Entries taken from a collection
★ ★ ★ ★ ★ ★ ★
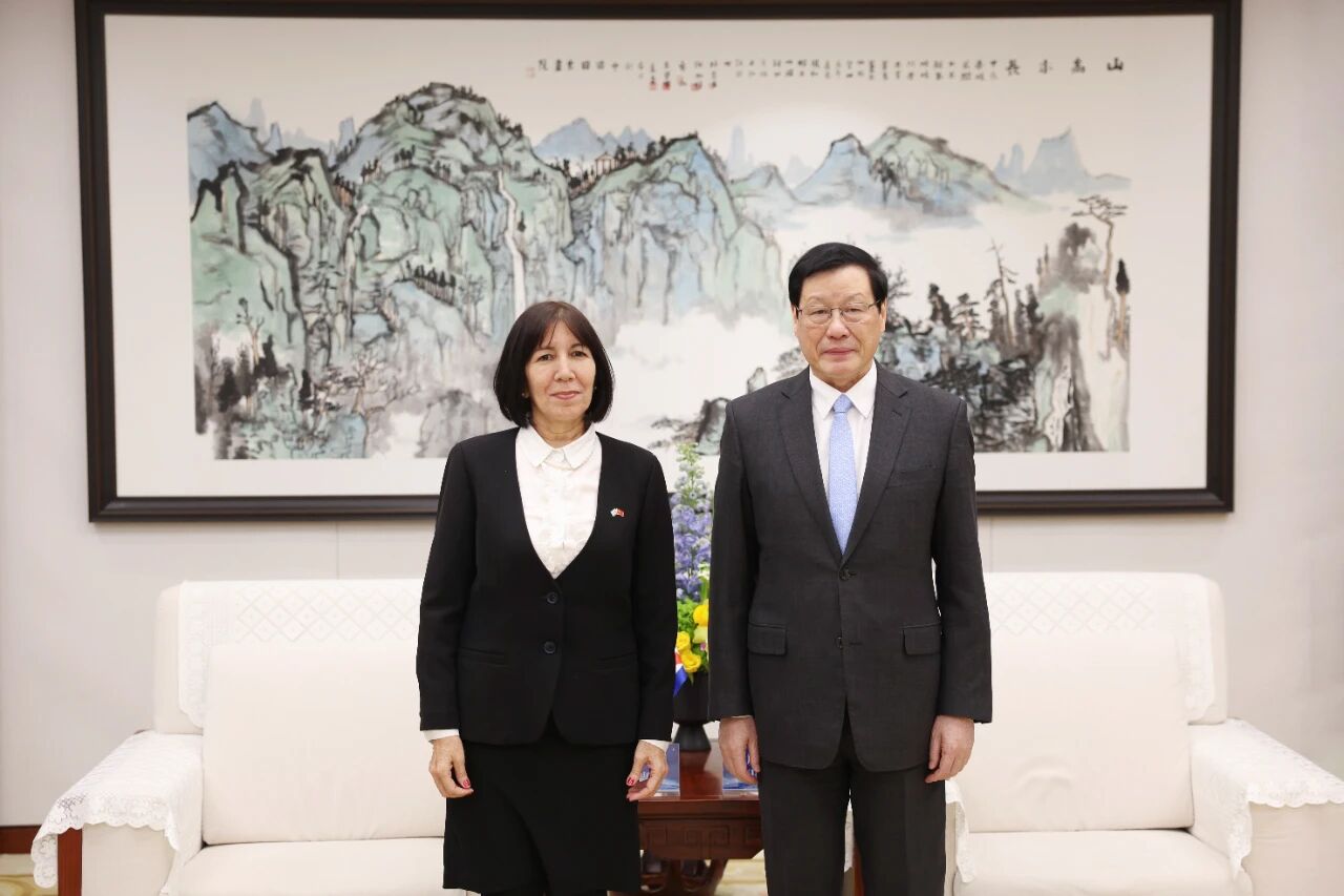 古巴驻华大使白诗德参加会见。
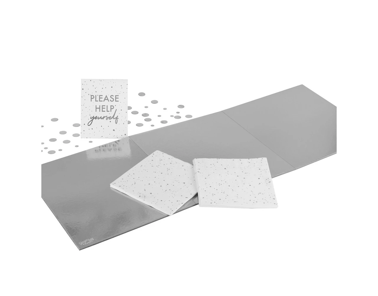 1 gouden graasplank van 80cm (L) x 30cm (B), 20 servetten, 14g zilveren confetti en 1 kaartje. De verpakking is recyclebaar en FSC-gecertificeerd.
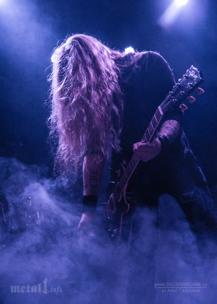 Als um 21:55 das Licht für SECRETS OF THE MOON erlischt, ist allein das schon eine Überraschung: Nach drei in blaues und grünes Licht getauchten Shows, bei denen das Lichtpult nicht angerührt wurde, ist das düster-blasse lilablau, das die dichte Nebelbank auf der Bühne nur mit Mühe durchdringt, eine willkommene Abwechslung. Kombiniert mit einzelnen Stroboskop-Blitzen hat die Show von SECRETS OF THE MOON optisch einiges zu bieten. Das ist auch bitter nötig, denn was Akustik angeht, lassen sich wenig warme Worte finden. Wer nämlich dachte, der Sound bei Thulcanda sei schlecht gewesen, wird nun eines Besseren belehrt: Bass und Bass-Drum vereinen sich zu einem alles verschlingenden Dröhnen, das nicht nur Gitarren und Gesang, sondern auch das Zwerchfell in die Knie zwingt. Wo auf Album kraftvolle Riffs erklingen, wummern heute gerade in den harten Doublebass-begleiteten Passagen niederfrequente Druckwellen durch den Club. Mag der Sound beim Mischer, oben auf der Empore, vielleicht sogar perfekt austariert sein – am Ende zählt, was beim Publikum ankommt. Ein kurzer Ausflug des Verantwortlichen hinunter ins Auditorium, wie er in diesem Fall eigentlich obligatorisch sein sollte, und die Show wäre vielleicht zu retten gewesen. So jedoch sind eigentlich nur die ruhigen Songs erträglich. Nicht nur in diesem Kontext gewinnt das Set von SECRETS OF THE MOON enorm durch das neue Material von „Sun“, wie den Abschließenden Hit „Man Behind The Sun“, der der Zwerchfellmassage nach einer guten Stunde das (leider) lange herbeigesehnte Ende bereitet. Absolut schade, hätte die Show in Sachen Licht, Stageacting und Setlist doch ansonsten durchaus das Potential zu einem beeindruckenden Live-Erlebnis gehabt.
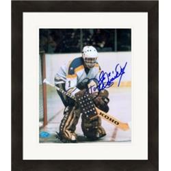 Features- Don Edwards Autographed 8 x 10 in. Photo - Buffalo Sabres Goaltender 1970s Image - No. 1 Matted & Framed
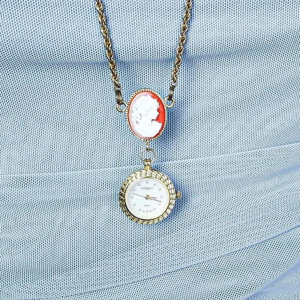 LA Express Cameo Pendant Necklace W Chain Women’s Watch Tested Works
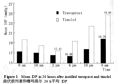 新近研究表明,较大的昼夜IOP波动是重要的独立危险因素,也是导致视野损害进展的主要原因[ 3, 9 ] 。24 h IOP测量发现大多数患者在8 am以前或5 pm以后均出现21 mmHg以上的峰IOP[ 10 ] 。在夜间出现的IOP高峰正是造成视野损害的主要原因。我们的研究结果显示:治疗组昼夜IOP波动值在3. 42 mmHg左右,在健康人的IOP波动范围(3. 7mmHg)内,在4 am 也能高效降低IOP 5. 55 mmHg(约21. 9% ) 。说明曲伏前列素可稳定的降低昼夜IOP,和文献报道[ 11 ]的IOP波动3. 6 mmHg相近。对照组的昼夜IOP波动是7. 26 mmHg,在夜间10 pm到4 am的IOP超出有效范围,特别在4 am IOP高达24. 68 mmHg与基线IOP接近,表明噻吗洛尔夜间几乎无降压作用。这提示曲伏前列素比噻吗洛尔能更好地预防患者视功能的恶化。
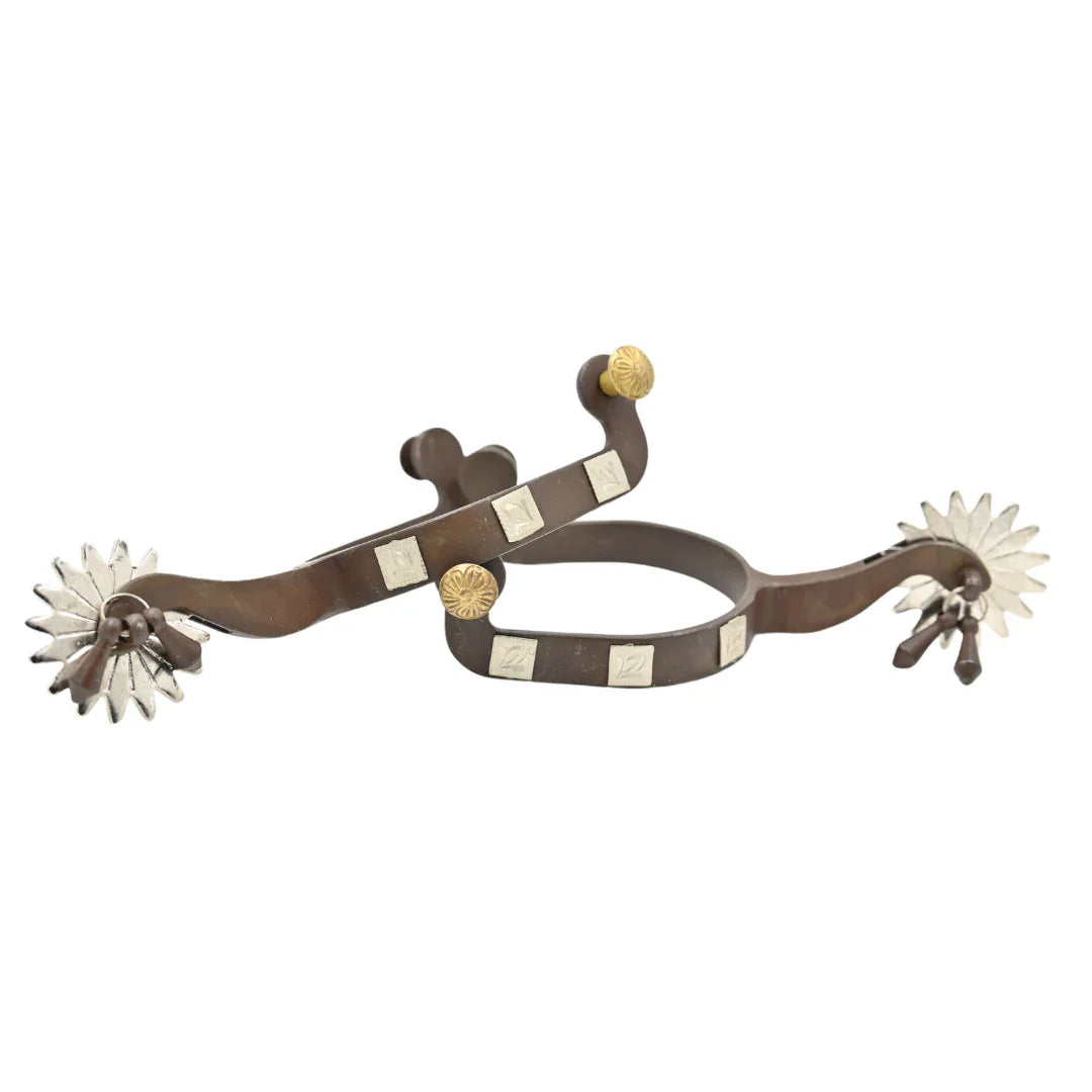 A narrow spur with just the right amount of bling! These show spurs are available with black steel or antique brown finishes. Silver overlay buttons feature a simple flower design while the band features three silver engraved square accents. Complete with jingle bobs and a large 16-point rowel.
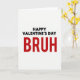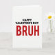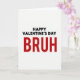 This greeting card keeps things simple with a plain white background and a big message front and center. Near the top, it says “HAPPY VALENTINE’S DAY” in black, all-caps block letters that look like a straightforward sans-serif font. Below that, the word “BRUH.” takes over most of the lower half in huge red, all-caps letters, making it the first thing you notice. The contrast between the black text above and the red text below gives the card a funny, modern twist on a classic holiday greeting. There aren’t any characters or extra objects in the scene—just the text—so the humor and attitude come through clearly. It feels like something you’d send to a friend, a partner, or someone you care about who’d laugh at the casual tone ❤️💌. If you want, you can pair it with a small treat like 🍫 and let the message do the talking. Hope it helps you share a little love and appreciation this Valentine’s Day.
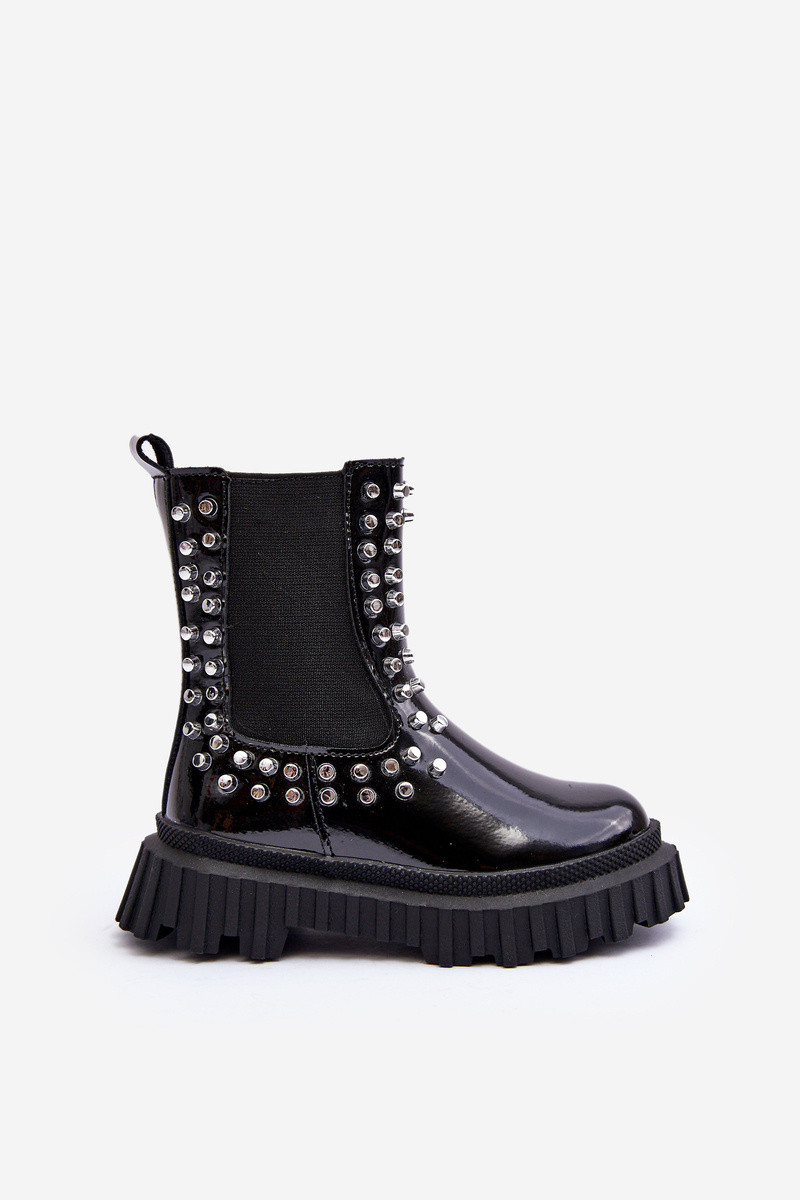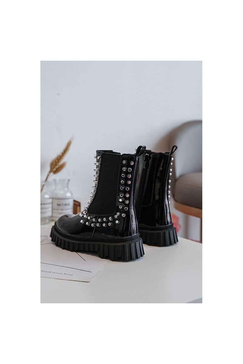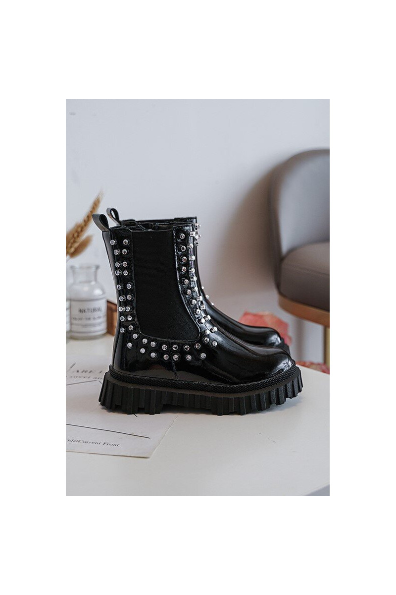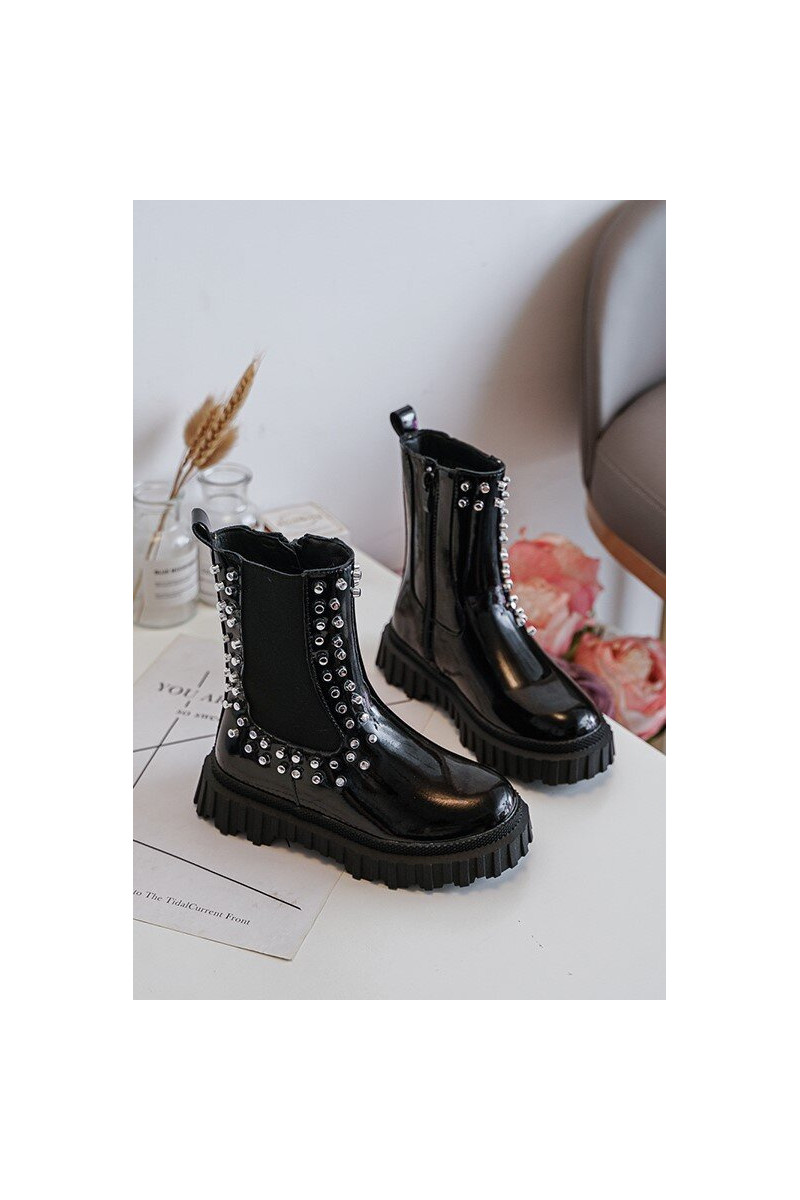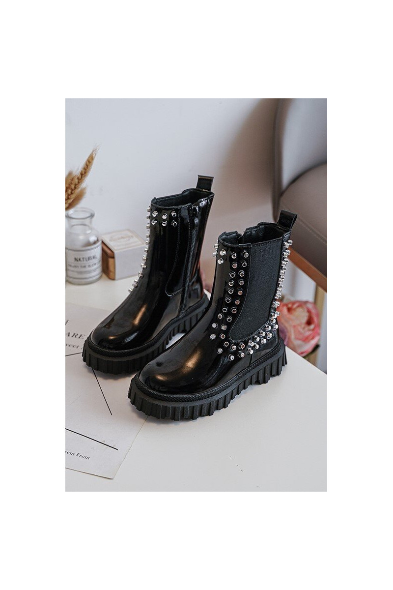 Botas infantis estilosas com efeito de verniz decoradas com strass na cor preta Adelie
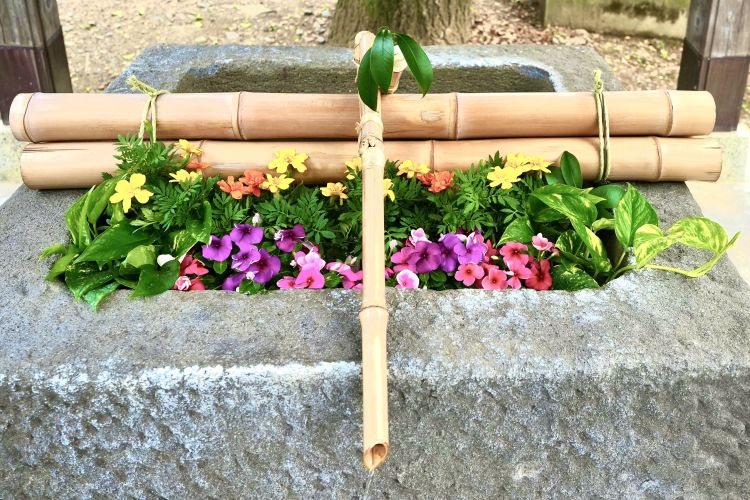 手水舎には色とりどりのお花があり、身も心も浄化される空間となっておりました。
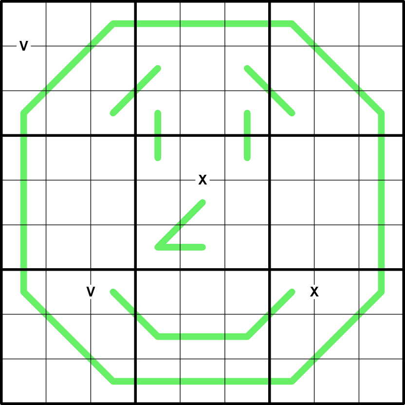 X/V: Digits in cells joined by an X sum to 10. Digits in cells joined by a V sum to 5. Not all Xs and Vs are given.
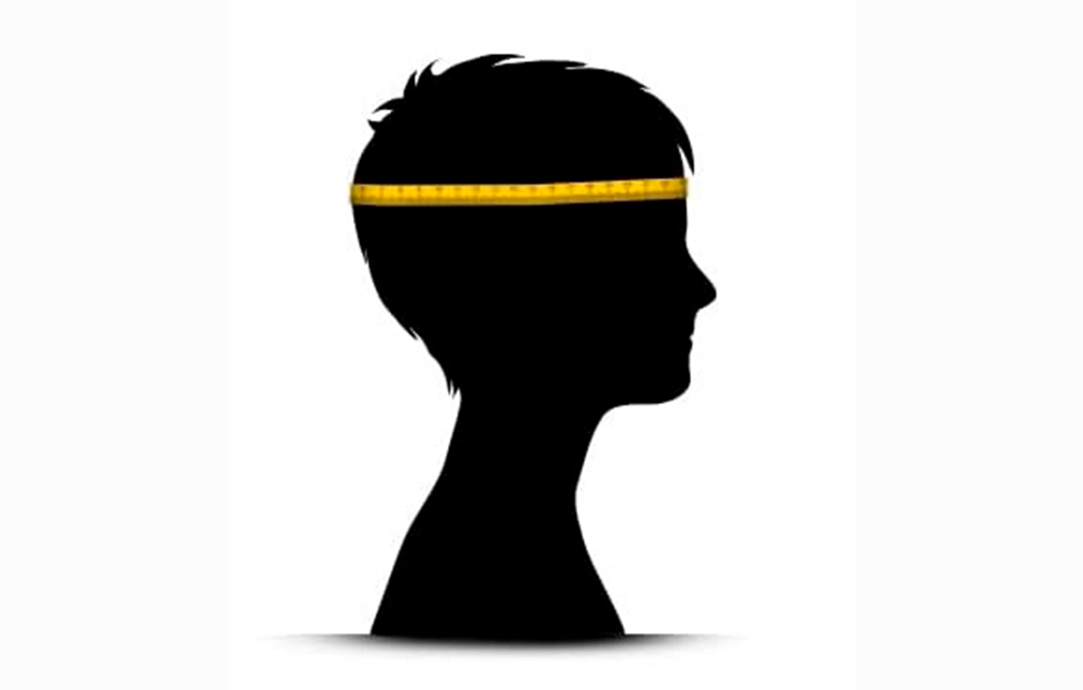 - 1. Omotejte měřicí pásku kolem nejširší části hlavy, těsně nad obočím a ušima.
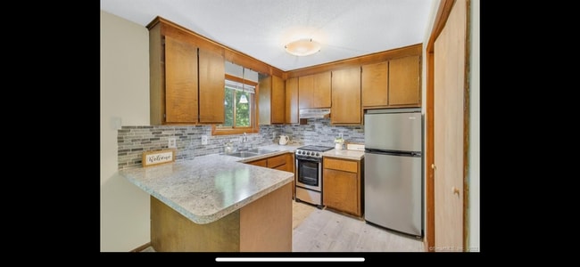 Enjoy great proximity to all amenities in this 1-bedroom, 2nd floor apartment perfectly located on the border of Plainville and Southington, which also boasts an enclosed balcony with a wooded view. The kitchen offers a breakfast bar and a large laundry closet where you will find the full-size washer and dryer. • Small dogs (**less than 20lbs**) considered. • No cats. • No smoking. • Seeking 1-year lease and good credit is required.
★ ★ ★ ★ ★ ★ ★
What is needed: With the pictures omitted, restate word for word the lines above from the line that has "LA Express Cameo" up to and including the line that has "A narrow spur", and no other lines.

Result:
 LA Express Cameo Pendant Necklace W Chain Women’s Watch Tested Works
 新近研究表明,较大的昼夜IOP波动是重要的独立危险因素,也是导致视野损害进展的主要原因[ 3, 9 ] 。24 h IOP测量发现大多数患者在8 am以前或5 pm以后均出现21 mmHg以上的峰IOP[ 10 ] 。在夜间出现的IOP高峰正是造成视野损害的主要原因。我们的研究结果显示:治疗组昼夜IOP波动值在3. 42 mmHg左右,在健康人的IOP波动范围(3. 7mmHg)内,在4 am 也能高效降低IOP 5. 55 mmHg(约21. 9% ) 。说明曲伏前列素可稳定的降低昼夜IOP,和文献报道[ 11 ]的IOP波动3. 6 mmHg相近。对照组的昼夜IOP波动是7. 26 mmHg,在夜间10 pm到4 am的IOP超出有效范围,特别在4 am IOP高达24. 68 mmHg与基线IOP接近,表明噻吗洛尔夜间几乎无降压作用。这提示曲伏前列素比噻吗洛尔能更好地预防患者视功能的恶化。
 A narrow spur with just the right amount of bling! These show spurs are available with black steel or antique brown finishes. Silver overlay buttons feature a simple flower design while the band features three silver engraved square accents. Complete with jingle bobs and a large 16-point rowel.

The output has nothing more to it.